◆ Given information
+===+

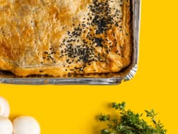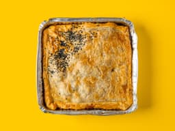 Beef & Mushroom Pie Mixture [Beef diced, Mushrooms, Onion, Red wine, Bacon, Carrots, Celery, Gravy granules (GF) (Milk, Soy, Sulphites), Tomato paste, Salt, Vegetable stock powder, Thyme fresh, Dijon mustard, Pepper], Puff pastry (Wheat)
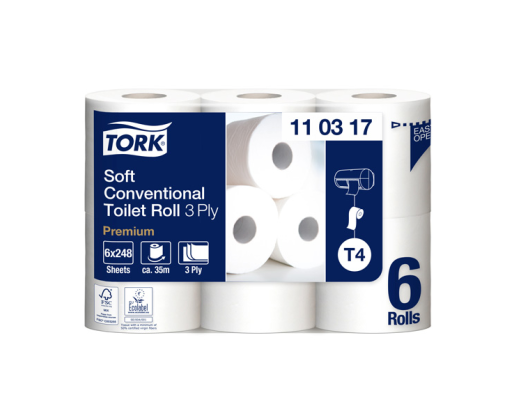 - Tualetinis popierius TORK PREMIUM EXTRA SOFT T4, 110317, 9.9cmx34.72m, 3 sl., 6 vnt./pak.
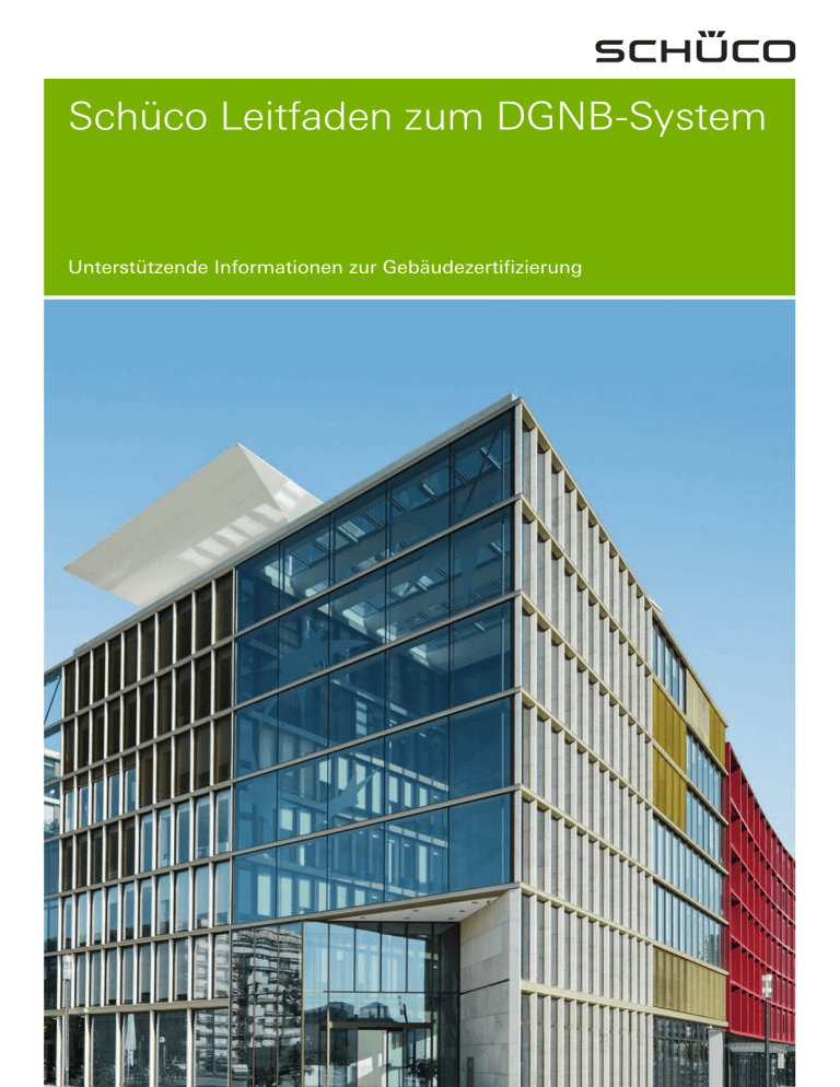 Schüco Leitfaden zum DGNB-System Unterstützende Informationen zur Gebäudezertifizierung 2 Schüco Aluminium Systeme Schüco Aluminium Systeme Schüco Systeme für DGNB-Zertifizierungs-Gebäude Durch die Verwendung von Schüco Systemen, in Kombination mit anderen Gebäudekomponenten, können Sie bei einer DGNB-Zertifizierung bei mehr als 50 % der Kriterien des Systems einen positiven Beitrag in der Gesamtbewertung erreichen. Die Erreichbarkeit dieser Kriterien wurde von dem unabhängigen und qualifizierten Ingenieurbüro Drees & Sommer analysiert und bestätigt, das auf Green Buildings und deren Zertifizierungen spezialisiert ist. Ihr Schüco Ansprechpartner kann Ihnen dabei behilflich sein, die am besten geeignete Lösung für Ihr Projekt zu wählen, und Ihnen alle produktbezogenen, für die DGNB-Zertifizierung erforderlichen Unterlagen bereitstellen. Dies beinhaltet alle allgemeinen Dokumente und Zertifikate sowie projektspezifische Informationen und Daten, die Sie benötigen, um die volle Punktzahl, bezogen auf den Produkteinfluss, bei einer Zertifizierung nach dem DGNB-System zu erreichen. Einige Schüco Referenzen mit DGNB-Zertifizierungen: MaxCologne, Köln ZVE, Stuttgart Bürogebäude Nord 1, Frankfurt am Main Über Schüco International KG Schüco – Systemlösungen für Fenster, Türen und Fassaden Mit seinem weltweiten Netzwerk aus Partnern, Architekten, Planern und Investoren realisiert Schüco nachhaltige Gebäudehüllen, die im Einklang mit Natur und Technik den Menschen mit seinen Bedürfnissen in den Vordergrund stellen. Dabei werden höchste Ansprüche an Design, Komfort und Sicherheit erfüllt, gleichzeitig durch Energieeffizienz CO2-Emissionen reduziert und so die natürlichen Ressourcen geschont. Das Unternehmen mit seinen Geschäftsbereichen Metallbau und Kunststoff liefert zielgruppengerechte Produkte für Neubau und Modernisierung, die den individuellen Anforderungen der Nutzer in allen Klimazonen gerecht werden. Schüco ist mit 4.800 Mitarbeitern und 12.000 Partnerunternehmen in 78 Ländern aktiv und hat in 2013 einen Jahresumsatz von 1,5 Milliarden Euro erwirtschaftet. Weitere Informationen unter www.schueco.de. Aluminium Systeme Schüco Schüco Aluminium-Fenstersysteme Ein System für alle Anforderungen Mit der Fenstergeneration AWS (Aluminium Window System) bündelt Schüco ein System für alle Anforderungen. Funktionale Vorteile verbinden sich mit architektonischen und gestalterischen Aspekten. In wenigen und aufeinander abgestimmten Bauteilen vereinen sich Vorzüge wie hohe Wärmedämmung auf Passivhaus-Niveau mit geringen Bautiefen und schlanken Ansichtsbreiten. Alle Beschläge lassen sich auf Basis von standardisierten Schnittstellen manuell, mechatronisch oder zentral über die Gebäudesteuerung bedienen. Schüco Aluminium-Türsysteme Sicher und vielseitig Eine Tür ermöglicht nicht nur den Zugang zu einem Bauwerk. Sie muss wie kaum ein anderer Gebäudebestandteil hohe Ansprüche an Wärmedämmung, Sicherheit, Funktionalität und Design erfüllen. Die Schüco ADS Türsysteme (Aluminium Door Systems) wurden genau für diese Anforderungen entwickelt. Sie bieten exzellente Dämmwerte und lassen sich durch das umfangreiche Systemprogramm flexibel für vielseitige Lösungen in der Gebäudesicherheit und -automation einsetzen. Und sie überzeugen mit einem zeitlosen Design, das sich hervorragend mit den Schüco Aluminium Fenstersystemen AWS kombinieren lässt. Schüco ADS Türsysteme fügen sich wirtschaftlich in nahezu alle baulichen Konzepte ein und erlauben so effiziente und stilvolle Architekturlösungen. Schüco Aluminium-Fassadensysteme Effiziente Lösungen für alle Ansprüche Der effiziente Umgang mit Energie ist heute wie morgen eine zentrale Determinante moderner Gebäudekonzepte. Nationale und europäische Vorgaben sind dabei ebenso zu beachten wie die vielfältigen Anforderungen in den Bereichen Sicherheit, Automation und Design. Bestens aufeinander abgestimmte Lösungen, die alle architektonischen und technischen Ansprüche an Fassaden und Lichtdächer optimal erfüllen, spielen dabei eine wesentliche Rolle. Hierfür bietet Schüco ein umfassendes Systemspektrum für den Neubau und die Modernisierung. Es umfasst Pfosten-RiegelFassaden, Aufsatzkonstruktionen in Holz und Stahl sowie Structural Glazing und vielfältige Elementfassaden inklusive einer breiten Systempalette integrierbarer Öffnungselemente. Schüco Aluminium-Brand- und Rauchschutzsysteme Geprüfte Systemlösungen für alle Sicherheitsanforderungen Schüco bietet komplett geprüfte Systemlösungen für Fassaden, Fenster, Türen sowie Trennwände inklusive Beschlägen und Verglasungen mit unterschiedlichen Brand- und Rauchschutzanforderungen an. Schüco Sicherheitssysteme erfüllen alle Anforderungen an die aktuellen deutschen und europäischen Normen. Dank der Systemkompatibilität lassen sich elegante fließende Übergänge zwischen Brand-/Rauchschutzelementen und Standardbereichen realisieren. Das Ergebnis sind filigrane Gesamtlösungen, die Planern, Architekten und Bauherren ein hohes Maß an Planungssicherheit gewährleisten – und das alles bei maximaler Gestaltungsfreiheit und zeitlosem Design. Schüco Brand- und Rauchschutzsysteme verfügen über Multifunktionseigenschaften und ermöglichen eine effiziente Fertigung und Montage. 3 4 Schüco Aluminium Systeme Wertorientierte Perspektive für grüne Gebäude Schüco unterstützt Investoren, Architekten, Bauträger und Metallbauer in allen Projektphasen von der ersten Idee bis zum Rückbau einer Fassade. Dies schließt die Beratung bei Zertifizierungen, die Planung mit nachhaltigen Systemen, Umweltproduktdeklarationen und das Recycling der Gebäudehülle ein. 360° Nachhaltigkeit – von der Idee bis zum Recycling Nachhaltigkeit im Bausektor bedeutet, eine Immobilie so zu planen, zu bauen und zu betreiben, dass sie ökologisch, ökonomisch und soziokulturell zukunftsfähig ist. Dafür braucht es hochwertige, innovative und ressour

+===+

◆ Assignment
Wherever an image appears in the data, omit it and repeat everything else exactly.

◆ Answer to the problem
 Beef & Mushroom Pie Mixture [Beef diced, Mushrooms, Onion, Red wine, Bacon, Carrots, Celery, Gravy granules (GF) (Milk, Soy, Sulphites), Tomato paste, Salt, Vegetable stock powder, Thyme fresh, Dijon mustard, Pepper], Puff pastry (Wheat)
 - Tualetinis popierius TORK PREMIUM EXTRA SOFT T4, 110317, 9.9cmx34.72m, 3 sl., 6 vnt./pak.
 Schüco Leitfaden zum DGNB-System Unterstützende Informationen zur Gebäudezertifizierung 2 Schüco Aluminium Systeme Schüco Aluminium Systeme Schüco Systeme für DGNB-Zertifizierungs-Gebäude Durch die Verwendung von Schüco Systemen, in Kombination mit anderen Gebäudekomponenten, können Sie bei einer DGNB-Zertifizierung bei mehr als 50 % der Kriterien des Systems einen positiven Beitrag in der Gesamtbewertung erreichen. Die Erreichbarkeit dieser Kriterien wurde von dem unabhängigen und qualifizierten Ingenieurbüro Drees & Sommer analysiert und bestätigt, das auf Green Buildings und deren Zertifizierungen spezialisiert ist. Ihr Schüco Ansprechpartner kann Ihnen dabei behilflich sein, die am besten geeignete Lösung für Ihr Projekt zu wählen, und Ihnen alle produktbezogenen, für die DGNB-Zertifizierung erforderlichen Unterlagen bereitstellen. Dies beinhaltet alle allgemeinen Dokumente und Zertifikate sowie projektspezifische Informationen und Daten, die Sie benötigen, um die volle Punktzahl, bezogen auf den Produkteinfluss, bei einer Zertifizierung nach dem DGNB-System zu erreichen. Einige Schüco Referenzen mit DGNB-Zertifizierungen: MaxCologne, Köln ZVE, Stuttgart Bürogebäude Nord 1, Frankfurt am Main Über Schüco International KG Schüco – Systemlösungen für Fenster, Türen und Fassaden Mit seinem weltweiten Netzwerk aus Partnern, Architekten, Planern und Investoren realisiert Schüco nachhaltige Gebäudehüllen, die im Einklang mit Natur und Technik den Menschen mit seinen Bedürfnissen in den Vordergrund stellen. Dabei werden höchste Ansprüche an Design, Komfort und Sicherheit erfüllt, gleichzeitig durch Energieeffizienz CO2-Emissionen reduziert und so die natürlichen Ressourcen geschont. Das Unternehmen mit seinen Geschäftsbereichen Metallbau und Kunststoff liefert zielgruppengerechte Produkte für Neubau und Modernisierung, die den individuellen Anforderungen der Nutzer in allen Klimazonen gerecht werden. Schüco ist mit 4.800 Mitarbeitern und 12.000 Partnerunternehmen in 78 Ländern aktiv und hat in 2013 einen Jahresumsatz von 1,5 Milliarden Euro erwirtschaftet. Weitere Informationen unter www.schueco.de. Aluminium Systeme Schüco Schüco Aluminium-Fenstersysteme Ein System für alle Anforderungen Mit der Fenstergeneration AWS (Aluminium Window System) bündelt Schüco ein System für alle Anforderungen. Funktionale Vorteile verbinden sich mit architektonischen und gestalterischen Aspekten. In wenigen und aufeinander abgestimmten Bauteilen vereinen sich Vorzüge wie hohe Wärmedämmung auf Passivhaus-Niveau mit geringen Bautiefen und schlanken Ansichtsbreiten. Alle Beschläge lassen sich auf Basis von standardisierten Schnittstellen manuell, mechatronisch oder zentral über die Gebäudesteuerung bedienen. Schüco Aluminium-Türsysteme Sicher und vielseitig Eine Tür ermöglicht nicht nur den Zugang zu einem Bauwerk. Sie muss wie kaum ein anderer Gebäudebestandteil hohe Ansprüche an Wärmedämmung, Sicherheit, Funktionalität und Design erfüllen. Die Schüco ADS Türsysteme (Aluminium Door Systems) wurden genau für diese Anforderungen entwickelt. Sie bieten exzellente Dämmwerte und lassen sich durch das umfangreiche Systemprogramm flexibel für vielseitige Lösungen in der Gebäudesicherheit und -automation einsetzen. Und sie überzeugen mit einem zeitlosen Design, das sich hervorragend mit den Schüco Aluminium Fenstersystemen AWS kombinieren lässt. Schüco ADS Türsysteme fügen sich wirtschaftlich in nahezu alle baulichen Konzepte ein und erlauben so effiziente und stilvolle Architekturlösungen. Schüco Aluminium-Fassadensysteme Effiziente Lösungen für alle Ansprüche Der effiziente Umgang mit Energie ist heute wie morgen eine zentrale Determinante moderner Gebäudekonzepte. Nationale und europäische Vorgaben sind dabei ebenso zu beachten wie die vielfältigen Anforderungen in den Bereichen Sicherheit, Automation und Design. Bestens aufeinander abgestimmte Lösungen, die alle architektonischen und technischen Ansprüche an Fassaden und Lichtdächer optimal erfüllen, spielen dabei eine wesentliche Rolle. Hierfür bietet Schüco ein umfassendes Systemspektrum für den Neubau und die Modernisierung. Es umfasst Pfosten-RiegelFassaden, Aufsatzkonstruktionen in Holz und Stahl sowie Structural Glazing und vielfältige Elementfassaden inklusive einer breiten Systempalette integrierbarer Öffnungselemente. Schüco Aluminium-Brand- und Rauchschutzsysteme Geprüfte Systemlösungen für alle Sicherheitsanforderungen Schüco bietet komplett geprüfte Systemlösungen für Fassaden, Fenster, Türen sowie Trennwände inklusive Beschlägen und Verglasungen mit unterschiedlichen Brand- und Rauchschutzanforderungen an. Schüco Sicherheitssysteme erfüllen alle Anforderungen an die aktuellen deutschen und europäischen Normen. Dank der Systemkompatibilität lassen sich elegante fließende Übergänge zwischen Brand-/Rauchschutzelementen und Standardbereichen realisieren. Das Ergebnis sind filigrane Gesamtlösungen, die Planern, Architekten und Bauherren ein hohes Maß an Planungssicherheit gewährleisten – und das alles bei maximaler Gestaltungsfreiheit und zeitlosem Design. Schüco Brand- und Rauchschutzsysteme verfügen über Multifunktionseigenschaften und ermöglichen eine effiziente Fertigung und Montage. 3 4 Schüco Aluminium Systeme Wertorientierte Perspektive für grüne Gebäude Schüco unterstützt Investoren, Architekten, Bauträger und Metallbauer in allen Projektphasen von der ersten Idee bis zum Rückbau einer Fassade. Dies schließt die Beratung bei Zertifizierungen, die Planung mit nachhaltigen Systemen, Umweltproduktdeklarationen und das Recycling der Gebäudehülle ein. 360° Nachhaltigkeit – von der Idee bis zum Recycling Nachhaltigkeit im Bausektor bedeutet, eine Immobilie so zu planen, zu bauen und zu betreiben, dass sie ökologisch, ökonomisch und soziokulturell zukunftsfähig ist. Dafür braucht es hochwertige, innovative und ressour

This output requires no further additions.